09:00 <whitequark> hrm

09:07 <GitHub80> [artiq] whitequark pushed 1 new commit to master: http://git.io/vEjnx

09:07 <GitHub80> artiq/master 9ed6b54 whitequark: transforms.cfg_simplifier: remove....

09:09 <bb-m-labs> build #68 of artiq is complete: Success [build successful] Build details are at http://m-labs-buildserver.lan/buildbot/builders/artiq/builds/68

09:09 <whitequark> \o/ sb0 ^

09:11 fengling has joined #m-labs

09:20 <whitequark> sb0: there is a problem with exceptions

09:20 <whitequark> sure, I can map exceptions back to something else than ARTIQException, but then you will lose the core device traceback

09:20 <whitequark> ah no wait, I can use the same hack as now, though it's gross

09:27 <whitequark> sb0: ping

09:39 <sb0> whitequark, yes?

09:40 <whitequark> I think I told you before that to make an exception recognizable after going through the core device you have to add a builtin

09:40 <whitequark> which is incorrect, of course, it just has to derive from ARTIQException

09:40 <whitequark> is that still a problem?

09:41 <sb0> I'd say no for now, as there are more pressing issues

09:42 <whitequark> I kinda started working on it already, so would you figure out if this is the semantics you want or not?

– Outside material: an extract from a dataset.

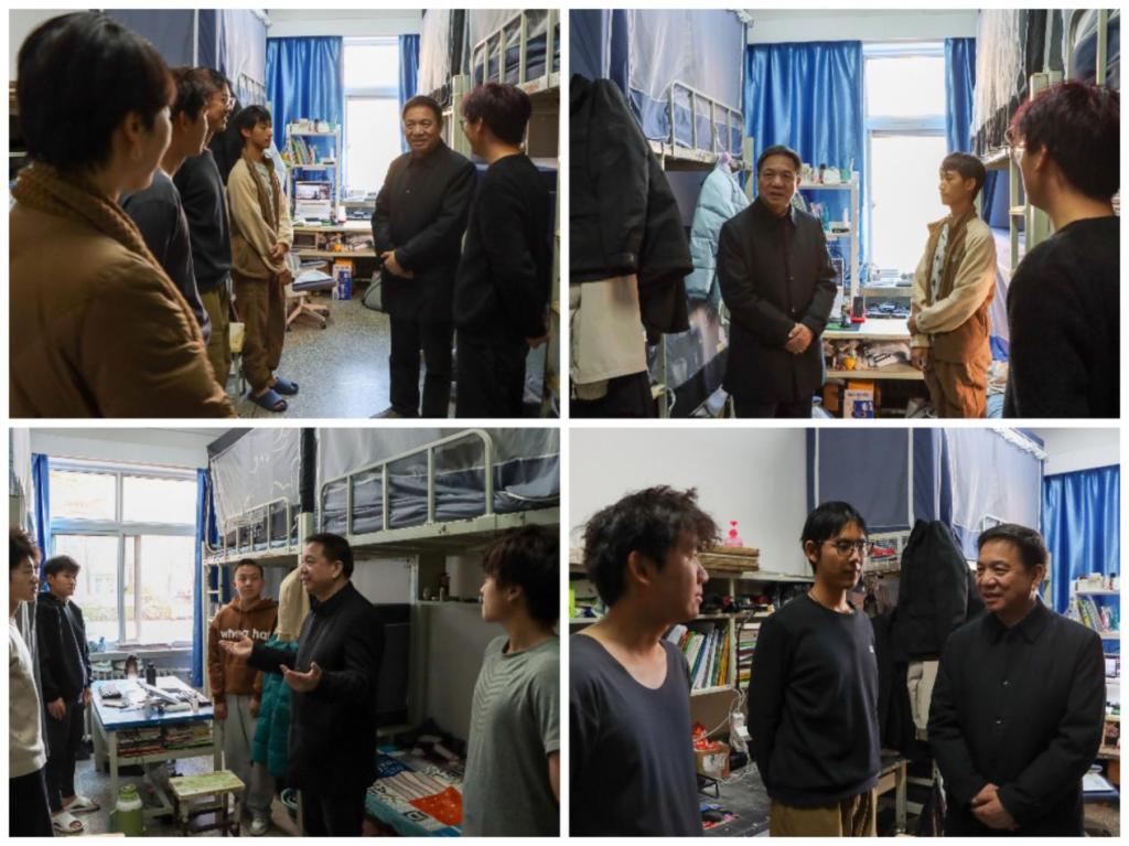 调研会后,朱廷珺在北苑四公寓开展“七进”工作,深入学生宿舍密切联系学生。他与同学们亲切交流,了解学生宿舍生活、用电安全、环境卫生、在校饮食、生活作息等情况,认真听取了同学们对学校教育教学、后勤服务保障等方面的建议和意见,对同学们在学习生活方面存在的疑惑予以现场解答,他指出,希望同学们珍惜宿舍情谊,发挥宿舍主阵地,让宿舍变“小家”,让同学变“亲人”。

09:42 <whitequark> there are some advantages to it, for example, I have to store the core device backtrace and params somewhere

09:43 <whitequark> and if I just map it to bare Python exceptions I have to stash them into strings

09:43 <whitequark> even if I leave the original around this messes with anything that wants to examine them

09:43 <sb0> so you are proposing that all exceptions that go through the core device need to derive from ARTIQException?

09:44 <whitequark> in short, yes

09:44 <sb0> what if e.g. a RPC raises TypeError?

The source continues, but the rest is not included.